The much higher copies of mtDNA not only give much higher sequencing coverage,
but generally highly mutation rate (probably also some other biological reasons).

<!-- ![Figure 4.9. Mitochondrial variants for lineage tracing. Fig. adapted from Ludwig et al, 2019](images/cellGen-fig10.png) -->

### Visualise allele frequency
Here, we illustrate the mtDNA on the joxm dataset again. During the 
preprocssing 
(see [Chapter 7.2](https://statbiomed.github.io/SingleCell-Workshop-2021/preprocess.html#preprocess_mutations)),
we first genotype the whole mito genome directly with `cellsnp-lit` and then
call the clonal informed variants by `MQuad`.

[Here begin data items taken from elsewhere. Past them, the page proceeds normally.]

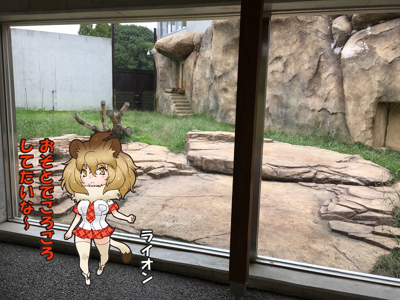 ライオンのなわばりは、ガラス越しに見れる場所と、堀をはさんで外で見れる場所があります。基本的に、それぞれの場所に1頭ずついるようです。
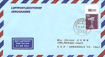 Aerogramme: special service for a foreign letter with airmail consisting of an envelope or folded letter made of thin paper that weighs no more than 5 grams |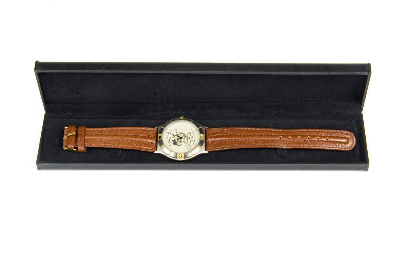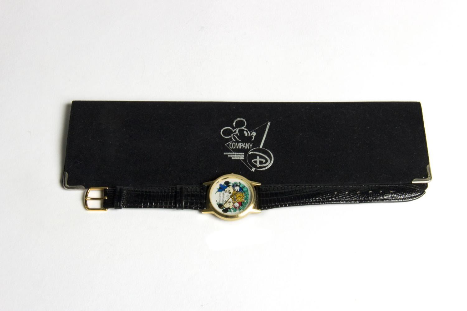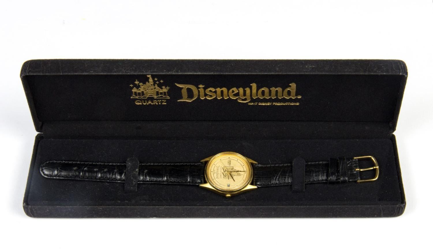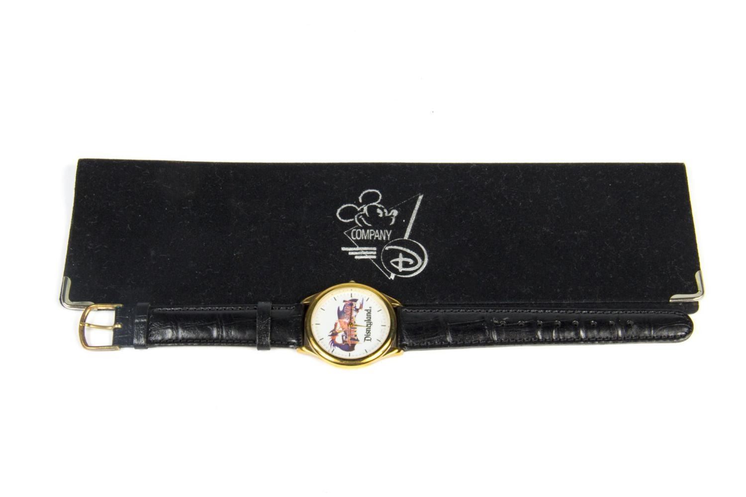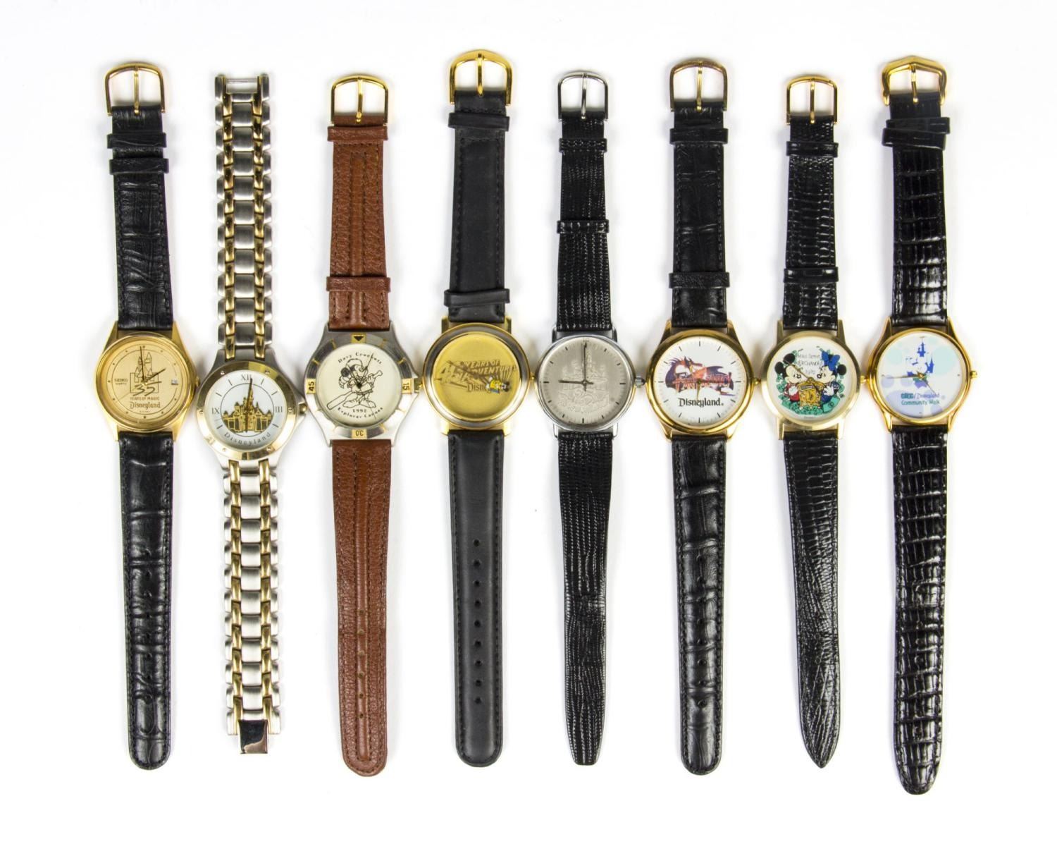 (Disneyland, 1980-1995) A collection of eight Disneyland wristwatches with the original hard and soft cases. Included are a limited edition 1992 Davy Crockett Explorer Canoes watch, a 1992 Main Street Merchandise watch, a Fantasmic! watch, a Sleeping Beauty Castle watch, a CHOC/Disneyland Community Walk watch, and 25th, 35th, and 40th-anniversary watches. The watch faces range in size from 1.25” to 1.5” in diameter, while the bands range from 8.75” to 9.5” long. All are in good to very good condition with creases and light wear.
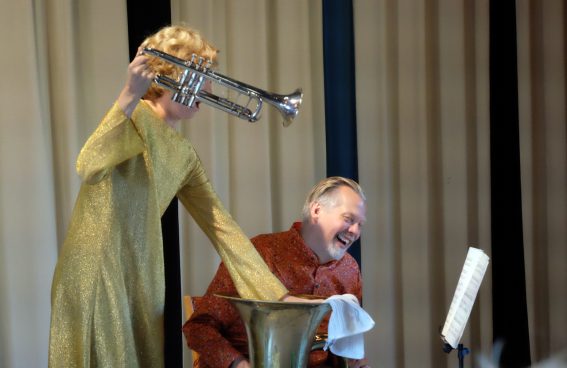 Tora Thorslund och Carl Jakobsson från Kungliga Hovkapellet gästar Östergötlands Musikdagar med en blåsarkonsert för barn på Norrköpings Konstmuseum. Den här tisdagsmorgonen ger de två konserter i rad. Senare i veckan ges en i Linköping.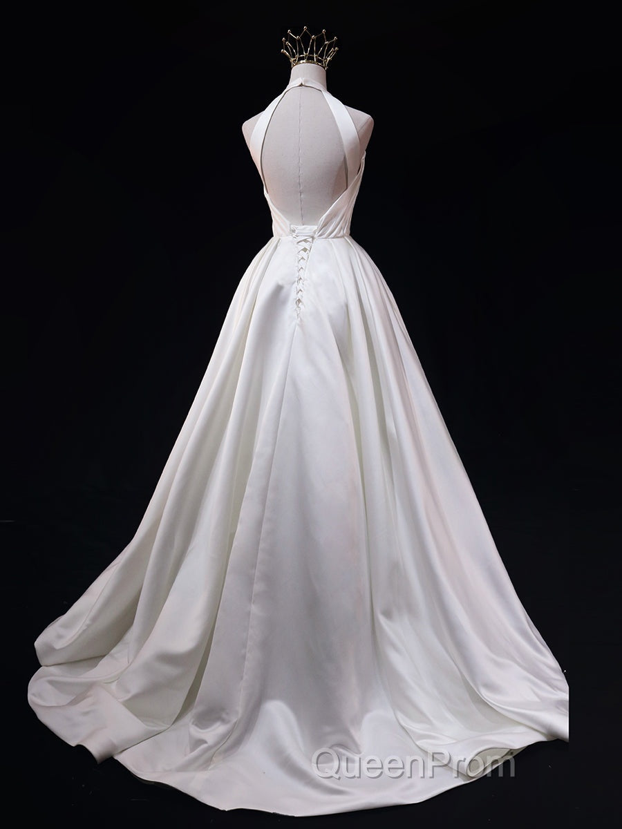 White Halter Simple Satin Backless Long Weddign Party Dresses, White Long Formal Dresses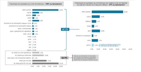 Професорот ги коментира резултатите на кој се групно прикажани резултатите од сите испитаници, вклучително и оние кои изјавиле дека нема да гласаат, не знаат дали ќе гласаат, не одлучиле за кого или не сакаат да откријат, се вели во реакцијата.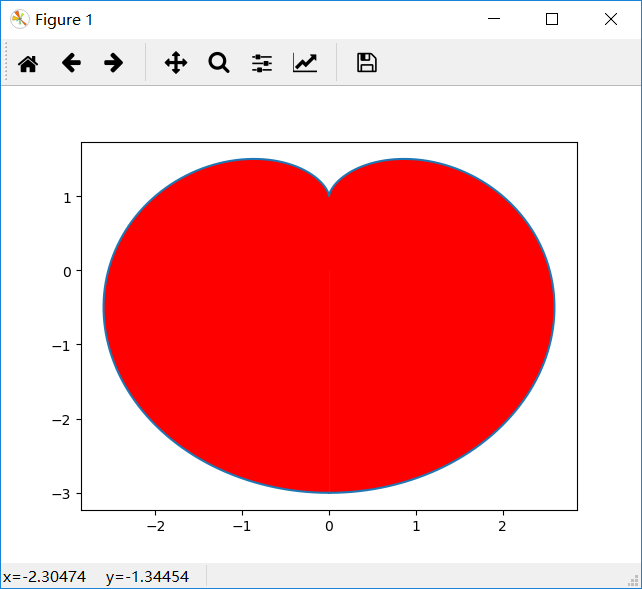 1 import matplotlib.pyplot as plt 2 import numpy as np 3 4 #初始化数据 5 init = np.arange(-np.pi, np.pi, 0.001) 6 y = np.subtract(np.multiply(2, np.cos(init)), np.cos(np.multiply(2, init))) 7 x = np.subtract(np.multiply(2, np.sin(init)), np.sin(np.multiply(2, init))) 8 9 #画图 10 plt.plot(x, y) 11 plt.fill_between(x, y, facecolor='red') 12 plt.show()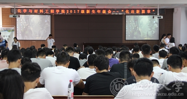 召开了2017级新生第一次“化出新篇章”主题年级会。2017级新生全体、17级各班班主任以及团委学生会全体参加了本次年级会。首先进行的是抢答环节,新生们就积极参加,体现了他们丰富的课外知识。当然在年级会里最热闹的就是个人才艺展示。每个班级都有两到三个节目,有唱歌《爱情转移》、《绅士》、《成都》、《淋雨一直走》、《和你一样》、《一个人》、《天亮了》、《一次就好》、《九张机》,吉他弹唱《小幸运》,独舞《holiday》,朗诵《相信未来》,《温大之梦》,演讲《笑对大学生活》。其中最惊艳全场的就是越剧表演《送花楼会》,越剧有着丰富的历史,虽然人人都知道,但能演绎的没几个人。全场最带动气氛就是化类2班的独舞,现场的气氛随着音乐在不断高涨。《笑对大学生活》演讲是全英文演讲,当然也是震惊全场,流利的英语让许多学长学姐也自愧不如。每一个展示才艺的同学都很自信,向我们展示了他们最自信的一面。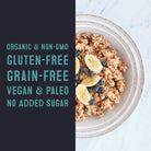 Yummy, Fast, Portable, Instant or Overnight. Incredible taste meets convenience. This gluten free, grain free cereal is packed with energy powered by protein, healthy fats and plant-based ingredients. Lightly sweetened with wholesome dates, Wella’s high protein organic cereal is crafted with 5 superfoods and no artificial or refined ingredients. - Grain Free, Gluten-Free, Paleo, Vegan, No Added Sugar. Using only organic and non-GMO ingredients, this is as wholesome as breakfast can get. High fiber and delicious, this comforting and satisfying organic oatmeal alternative gluten free cereal will surely be your newest pantry staple you can feel great about.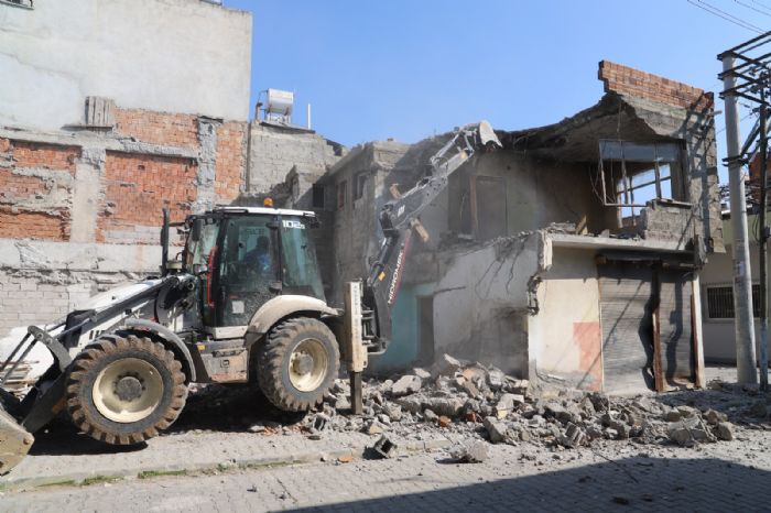 Akdeniz’de, metruk binalar kontrollü şekilde yıkılıyor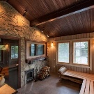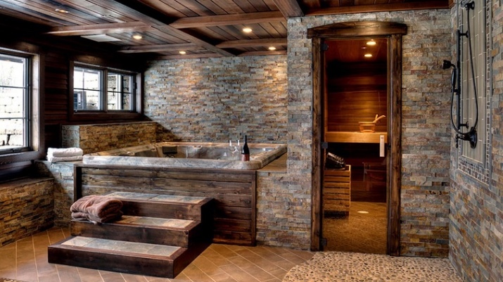 A huge role in the design of the steam rooms plays a decorative design of window openings. As curtains, you can use curtains made of bamboo or cotton. Completing the look of the interior is a fireplace. With this accessory the interior will be warmer, more cozy and comfortable.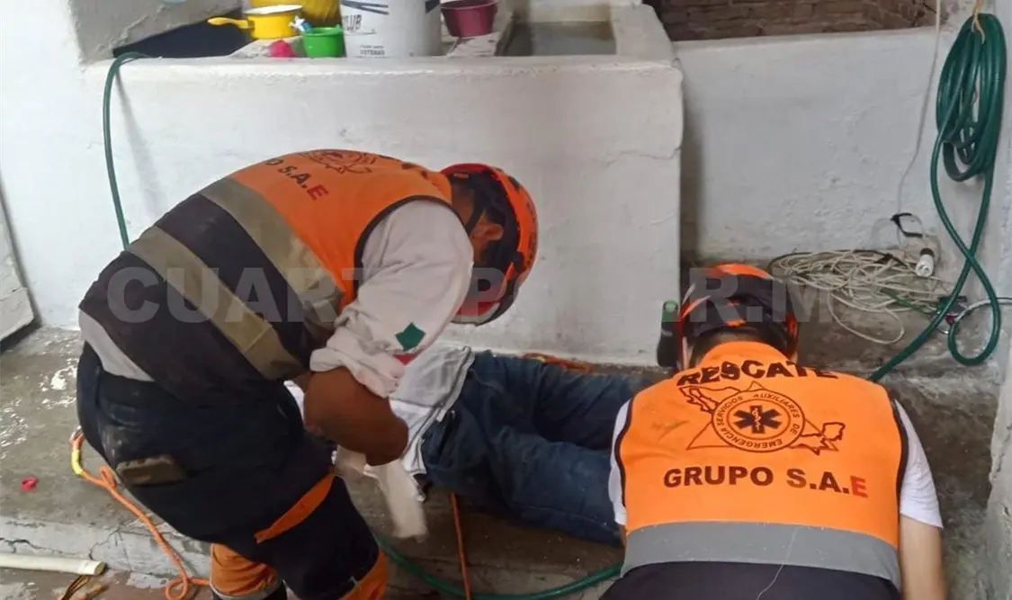 El hombre fue extraído consciente y orientado, presentando una luxación en el dedo meñique de la mano izquierda, heridas abrasivas en el pie derecho y dolor generalizado por la fuerte caída.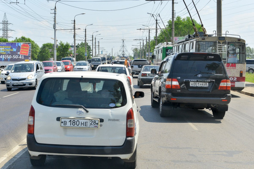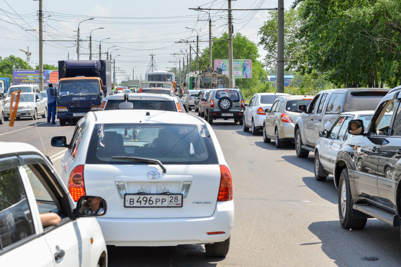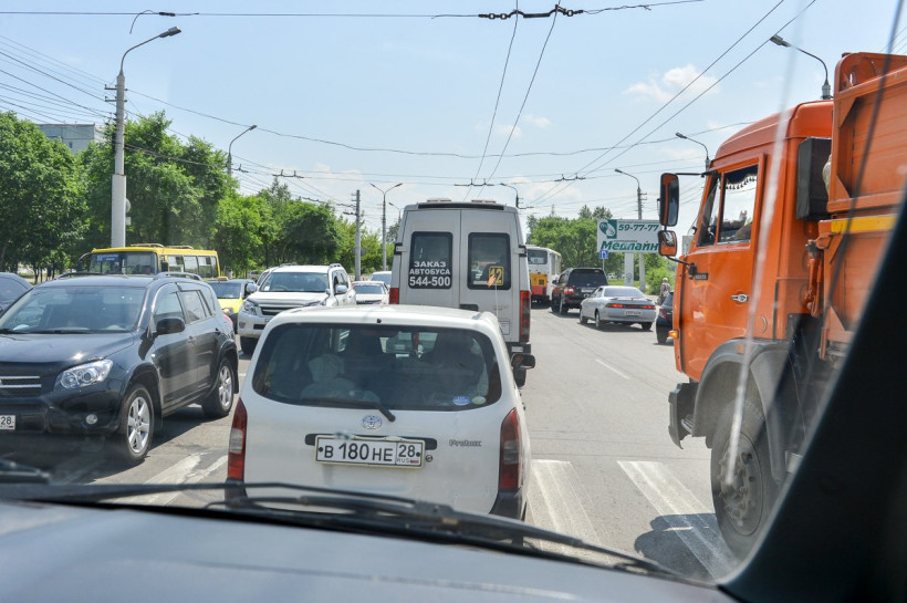 В микрорайоне Благовещенска образовалась пробка в несколько кварталов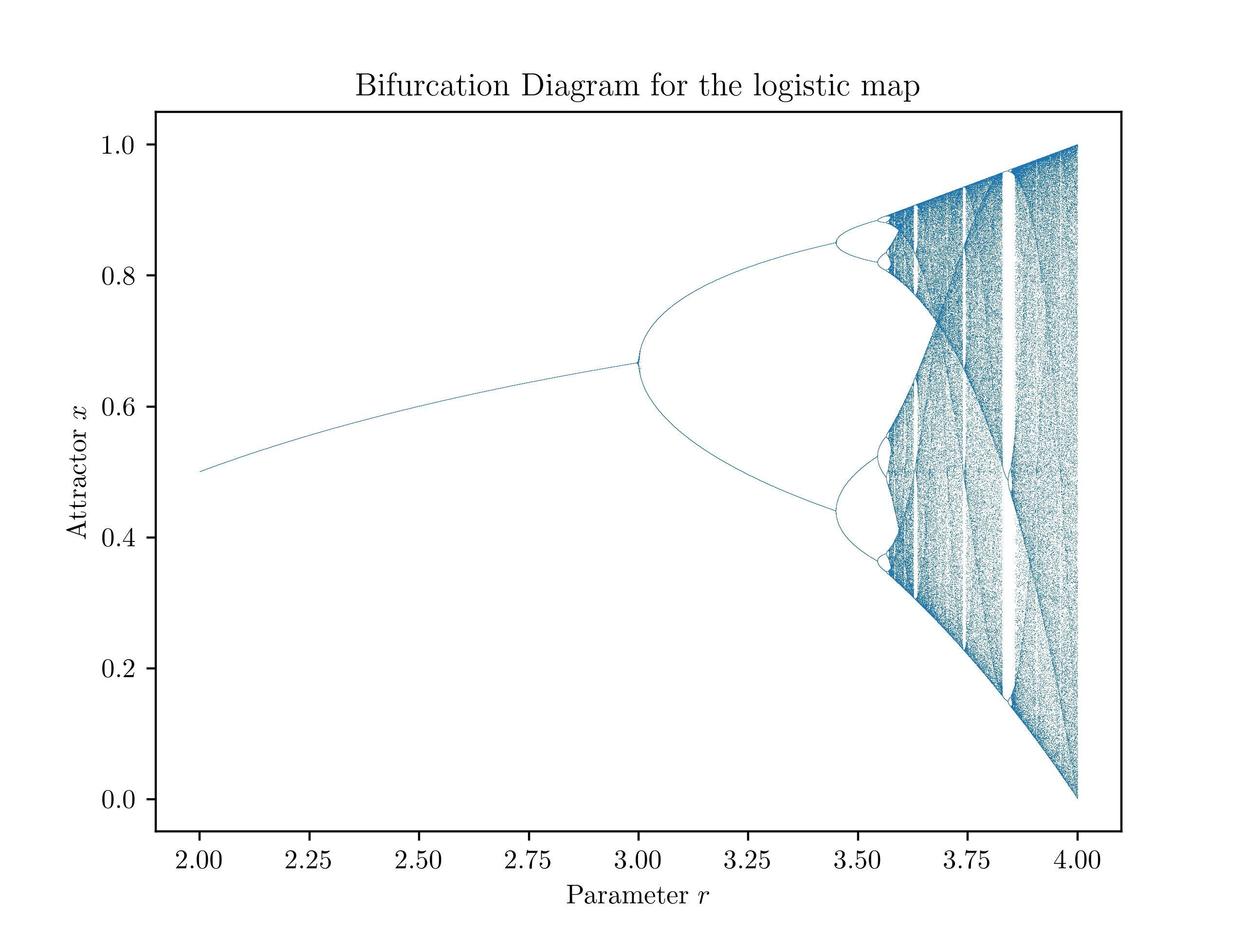 This type of diagram is also called bifurcation diagram, because one can clearly see these characteristic forking points (e.g. $r=3$) - bifurcations. It seems like there are some intervals for which there is complete choas and some other areas for which there is some kind of stability. There are so many more things which seem super interesting. You might want to read the Wikipedia-Article about the logisitic map. I am still looking for some clarification on how to more or less mearsure the chaotic behavior.

Let's first load the processed dataset from `cardelino` package and visualize 
the allele frequency.

```{r read-mtx-files}
AD_file <- system.file("extdata", "passed_ad.mtx", package = "cardelino")
DP_file <- system.file("extdata", "passed_dp.mtx", package = "cardelino")
id_file <- system.file("extdata", "passed_variant_names.txt", package = "cardelino")

AD <- Matrix::readMM(AD_file)
DP <- Matrix::readMM(DP_file)
var_ids <- read.table(id_file, )
rownames(AD) <- rownames(DP) <- var_ids[, 1]
colnames(AD) <- colnames(DP) <- paste0('Cell', seq(ncol(DP)))
```

```{r show-pheatmap}
AF_mt <- as.matrix(AD / DP)
pheatmap::pheatmap(AF_mt)
```

<!-- ![Figure 4.10. Allele frequency of mtDNA variants](images/cellGen-fig11.png){ width=75% } -->

As expected, the coverage of mtDNA is a lot higher than the nuclear genome above
(much fewer missing values).

### Infer clonal structure with mtDNA variants
Now, we can run cardelino on the mitochondrial variations. Note, as there is 
no prior clonal tree, the model is easier to return a local optima. Generally,
we recommend running it multiple time (with different random seed or 
initialization) and pick the one with highest DIC.

```{r denovo-mtDNA}
set.seed(7)
assign_mtClones <- clone_id(AD, DP, Config=NULL, n_clone = 3, keep_base_clone=FALSE)
```

Then visualize allele frequency along with the clustering of cells and variants:
```{r vc_heatmap-mtDNA}
Config_mt <- assign_mtClones$Config_prob
Config_mt[Config_mt >= 0.5] = 1
Config_mt[Config_mt <  0.5] = 0
cardelino::vc_heatmap(AF_mt, assign_mtClones$prob, Config_mt, show_legend=TRUE)
```

<!-- ![Figure 4.11. Allele frequency of mtSNVs with clustered cells](images/cellGen-fig12.png){ width=75% } -->

## Last notes
As shown, `cardelino` allows us to cluster cells based on somatic mutations with
accounting for the high uncertainty caused by technical variability. Last, we'd
like to highlight a few potential drawbacks of `cardelino`:

1. It is computationally expensive due to the nature of Gibbs sampling that 
scarifies speed for accuracy. For large data sets, e.g., >1000 cells, cardelino
may be too slow to handle. If speed is a major concertain, please consider our
more efficient tool 
[Vireo](https://vireosnp.readthedocs.io/en/latest/vireoSNP_clones.html) as a 
sister tool.

2. It may not always return a converged results. You could consider running it 
longer or with more chains or initialization.

3. It is generally difficult to select the best number of clone. You may get 
some clue by trial and error or visualise it from hierarchical clustering first.